Cosme Vila dudó un momento.

—¡No! —rehusó—. ¡Pero concentraos en Comisaría!

Los guardias, al advertir la inclinación de Cosme Vila, supusieron que iba a subir y dispararon contra los neumáticos.

Cosme Vila se volvió furioso.

—¡Ya está bien, ya está bien!

El camión huía a toda velocidad. En la puerta de Telégrafos había aparecido Matías Alvear con bata gris y lápiz en la oreja. Pero, al oír los disparos, volvió a entrar.

Cosme Vila prefería ser llevado a pie, ahora que todo el mundo estaba alerta. La valenciana asomaba a lo lejos, seguida de una patrulla de militantes. Se veía su inmenso escote. El guardia herido se había incorporado por sí solo.
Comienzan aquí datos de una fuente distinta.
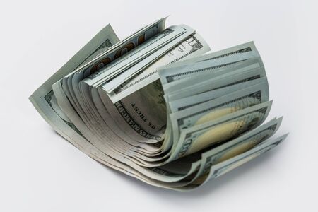 Stack of hundred dollars isolated on white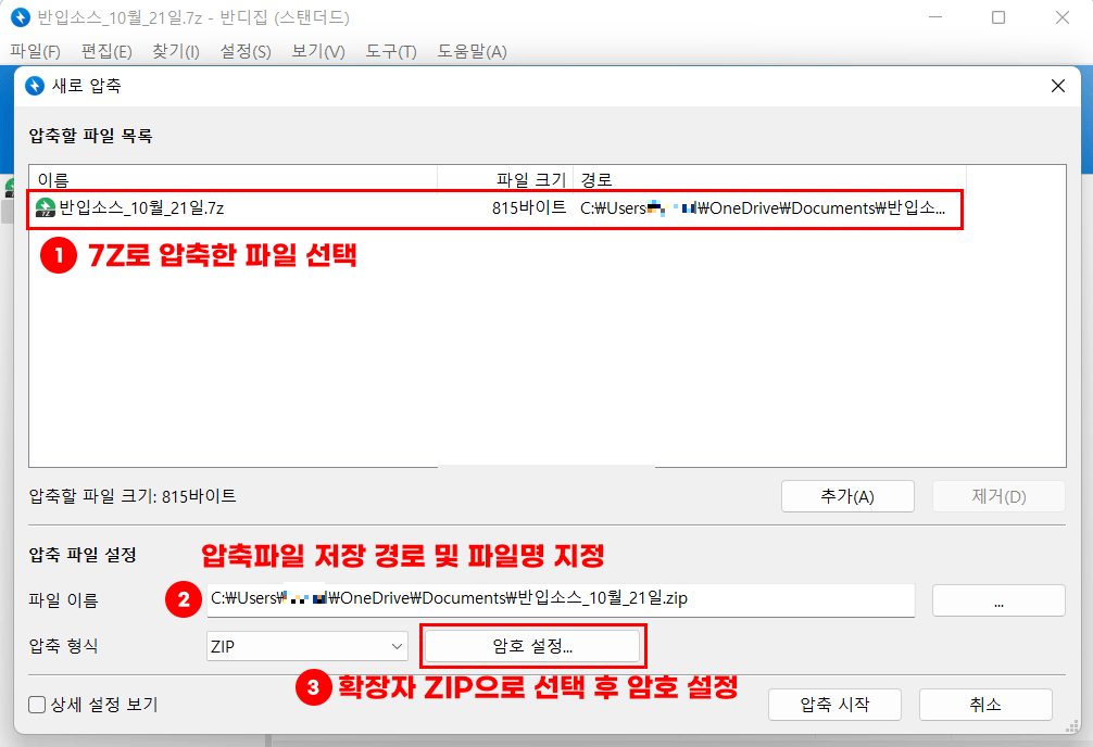 마지막으로 2단계에서 저장한 7Z파일을 ZIP 파일로 암호 설정하여 다시 한번 더 저장해 주면 된다.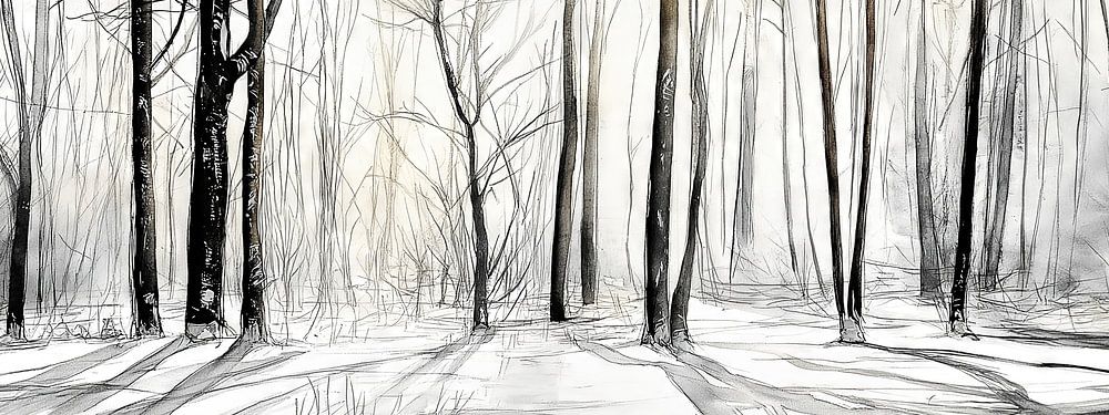 Een indrukwekkend zwart-wit schilderij van een verstild winterbos, waarin de schaduwen van de kale bomen over de ongerepte sneeuw dansen. Het contrasterende spel van licht en donker benadrukt de heldere, scherpe lijnen van de boomstammen en versterkt de stilte van het winterse landschap. De diepte van de schaduwen geeft de foto een sfeervolle intensiteit die de koele, stille magie van de winter vastlegt.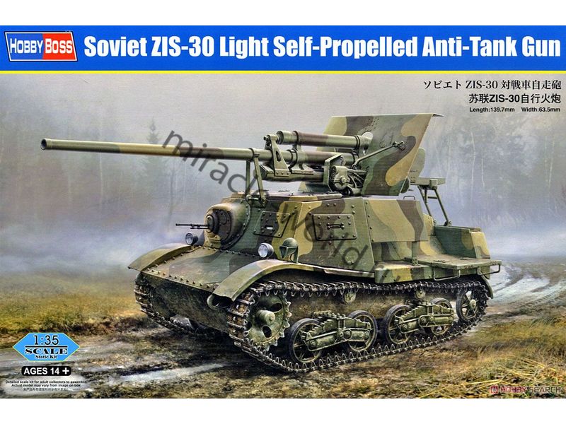 Сборная модель советской самоходной артиллерийской установки на базе на базе гусеничного артиллерийского тягача Т-20 «Комсомолец» Автомобиль тип 30 (57-мм) в масштабе 1/35 от фирмы Hobby Boss (артикул 83849).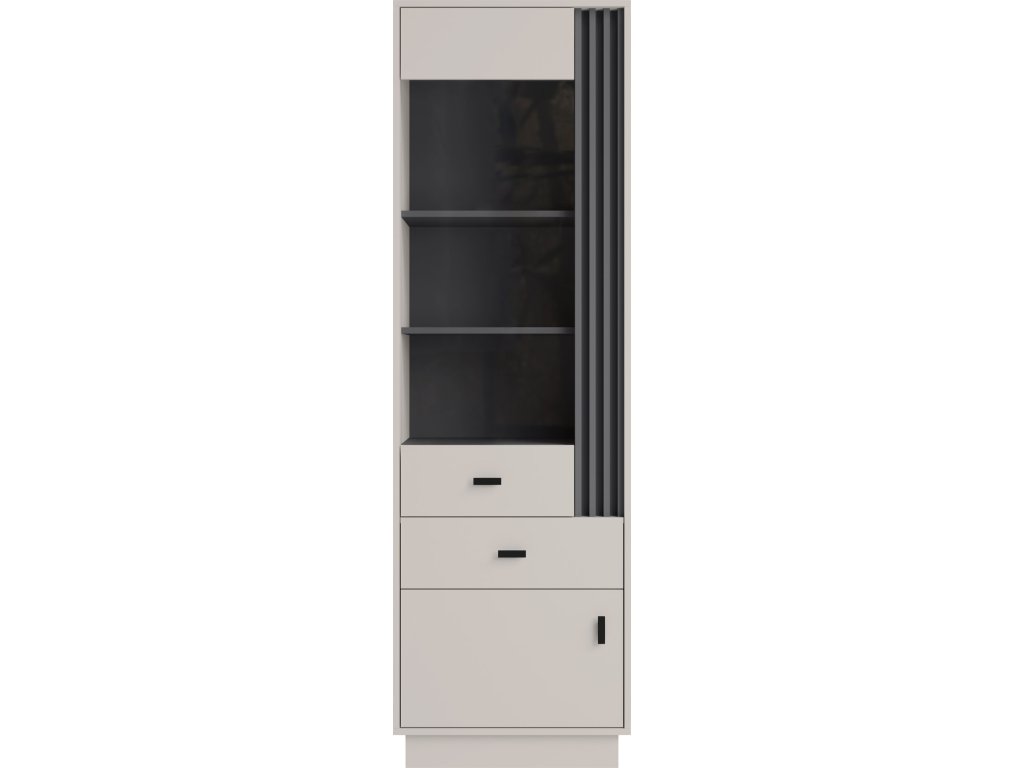 Moderný regál s otvorenými policami, zásuvkami a skrinkou ponúka praktický úložný aj výstavný priestor. Výrazný antracitový vertikálny detail a kovové úchytky dodávajú nábytku štýlový, nadčasový vzhľad. Dostupný v 2 farebných prevedeniach.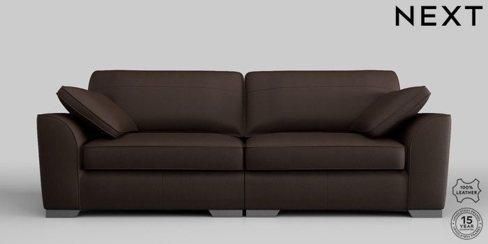 7.0.3 Buy Stamford Leather 4 Seater Sofa Turin Leather Dark Brown Large Square Angle - Gunmetal from the Next UK online shop Click here to use our accessible website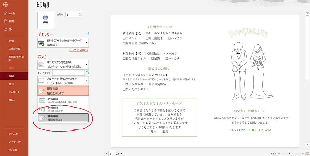 データが完成したら、お好みの用紙を準備して、プリンタで印刷します。お使いのプリンタにより設定方法は異なるかと思いますが、今回使用したプリンタでは、両面印刷の短辺とじという設定で印刷するとうまく両面印刷できました。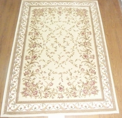 絲毛地毯:采用桑蠶絲和新西蘭羊毛經(jīng)手工打結而成,其生產(chǎn)工藝和手工絲毯相同,圖案設計同樣精美,色彩絢麗,地毯中花紋部分用真絲織,大地部分用羊毛編織,毯面立體感強,能夠更好地表現出地毯的藝術(shù)效果。絲毛地毯和絲毯一樣具有很高的藝術(shù)價(jià)值和收藏價(jià)值。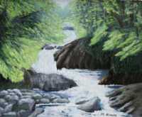 新緑のユーシン渓谷 洋画 F8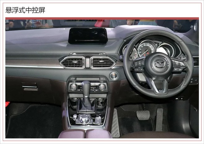 参考海外版车型内饰,CX-8方向盘采用三辐式造型,下方及周围带有镀铬饰条点缀,更显精致感;前方三炮筒式仪表盘设计简洁,功能区域划分清晰。中控台整体造型平直,空调出风口加以镀铬装饰点缀,底部为空调控制旋钮。此外,新车挡把区域后方配有旋钮式多媒体控制机构,右侧带有电子手刹和自动驻车等配置。
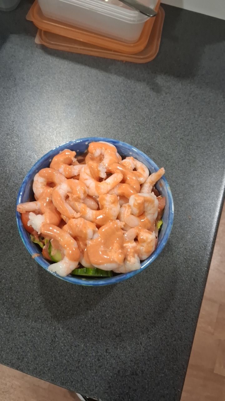 Place the lettuce then tomatoes the cucumber and finally the prawns in a bowl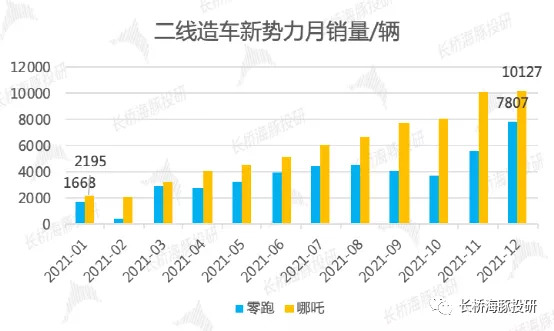 二线造车新势力的崛起也是2021年车市的重要特征,以零跑、哪吒为例: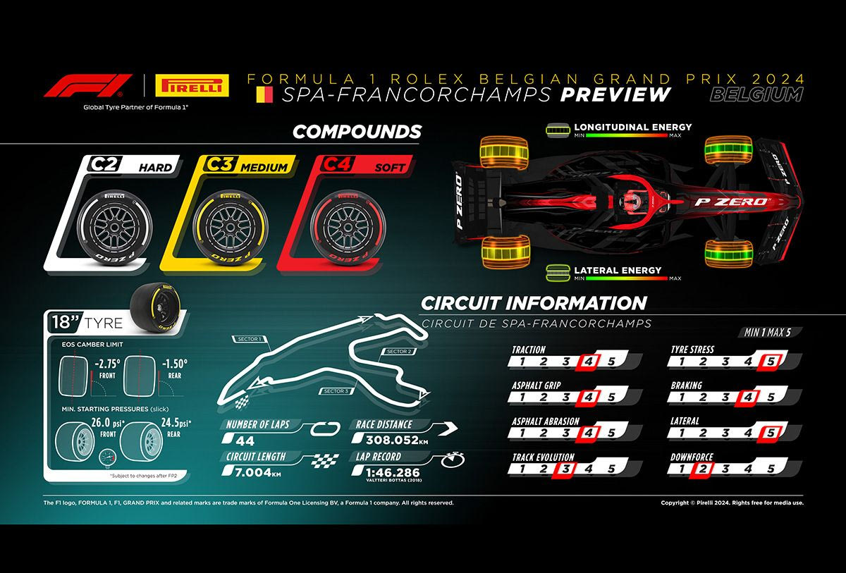 Οι δύο κρισιμότερες παράμετροι για τη διαχείριση των ελαστικών και τη στρατηγική στον αγώνα του Βελγίου είναι η πολύ ισχυρές δυνάμεις που ασκούνται στους τροχούς στις πολύ γρήγορες στροφές της πίστας, καθώς και η νέα άσφαλτος που έχει στρωθεί φέτος στα 7 χιλιόμετρα του σιρκουί του Σπα.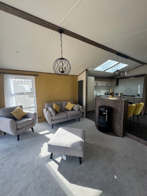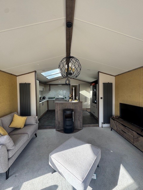 Step inside and you’re immediately struck by the sense of space, enhanced by vaulted ceilings reaching up to 9ft. The open-plan living area is both elegant and inviting, featuring beautifully styled freestanding furniture, a striking cylindrical log-burner style electric fire and a sleek, contemporary media wall. It’s a space designed for both relaxed evenings and stylish entertaining.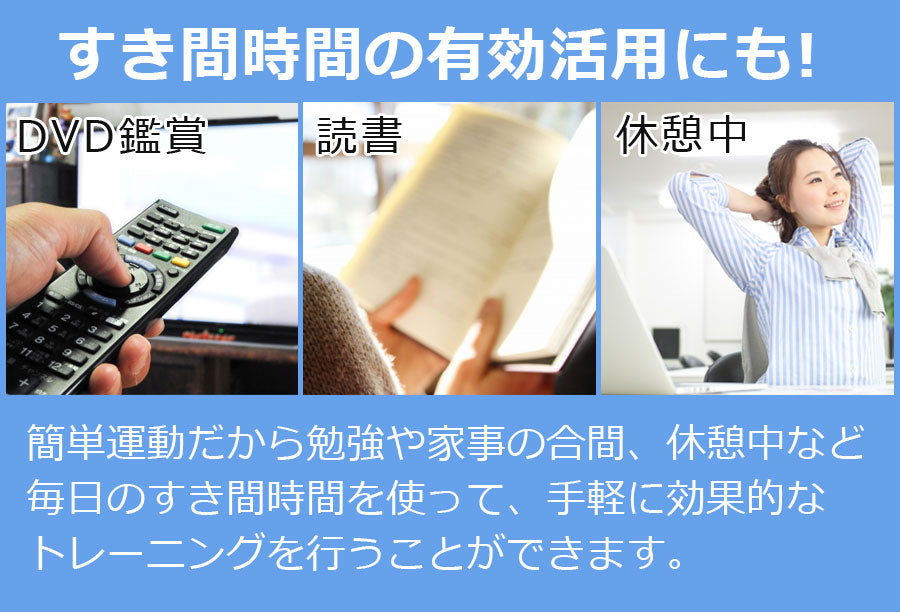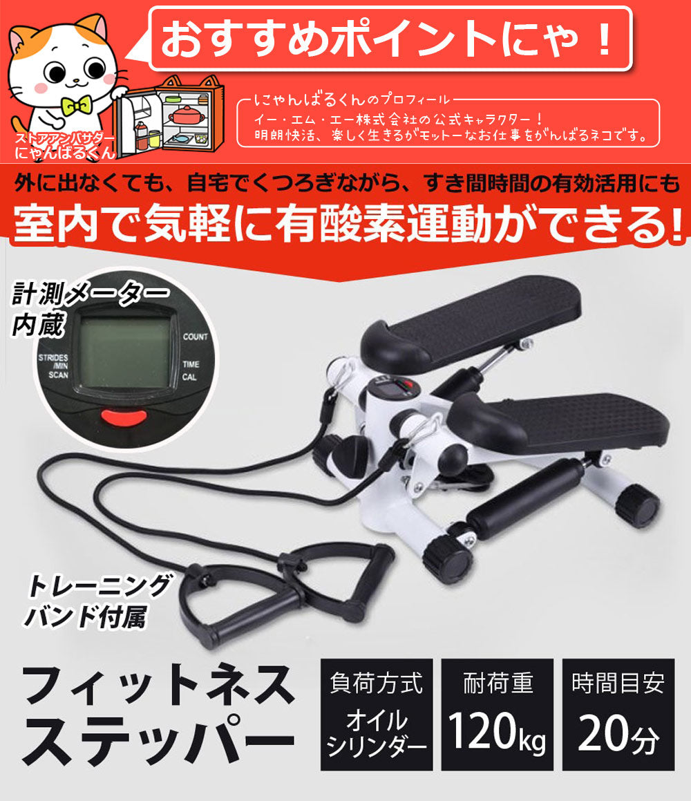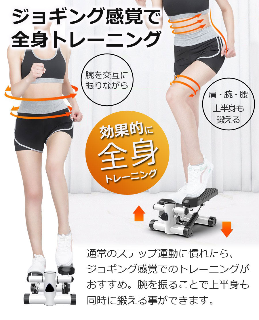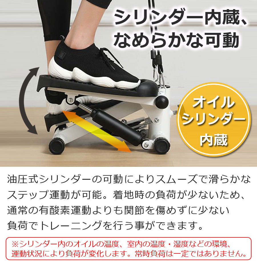 外に出なくても、自宅でくつろぎながら、すき間時間の有効活用にも 室内で気軽に有酸素運動ができるフィットネスステッパー 自宅で気軽に有酸素運動ができる ■踏むだけかんたん、ステップ運動! 左右のフットプレートを交互に踏むステップ運動。 天候に左右されず、毎日継続して有酸素運動を行う事ができます。オイルシリンダーによる滑らかな可動はランニングなど通常の有酸素運動に比べ、着地による関節への負荷も少ないため、リハビリにも最適です。 ■ジョギング感覚で 全身トレーニング 通常のステップ運動に慣れたら、 ジョギング感覚でのトレーニングが おすすめ。腕を振ることで上半身も 同時に鍛える事ができます。 ■すき間時間の有効活用にも! 簡単運動だから勉強や家事の合間、休憩中など毎日のすき間時間を使って、手軽に効果的な トレーニングを行うことができます。 便利な機能 ■運動量の目安がわかる 計測メーター搭載 ※消費カロリーは目安のため、使用者の体重や使用時間により変化します。 ■シリンダー内蔵、なめらかな可動 油圧式シリンダーの可動によりスムーズで滑らかなステップ運動が可能。着地時の負荷が少ないため、通常の有酸素運動よりも関節を傷めずに少ない負荷でトレーニングを行う事ができます。 ■トレーニングバンドで 上半身もカバー 本体に取り付け可能な2本のバンドが付属。ステップ運動に合わせて、ひっぱりながら使用する事で腕や肩に負荷をかけ、上半身も しっかりとトレーニングすることができます。 |

Era preferible que fuera así.

—¡Andando!

El trayecto fue lento, pues era preciso sortear continuamente montones de basura. La huelga de barrenderos y de los encargados de la recogida continuaba. La ciudad hedía, y algunos parajes iban resultando inaccesibles. Se hablaba de que la tropa se encargaría del servicio. Perros famélicos iban por aquí y por allá, parecidos al que siguió a César en la calle de la Barca.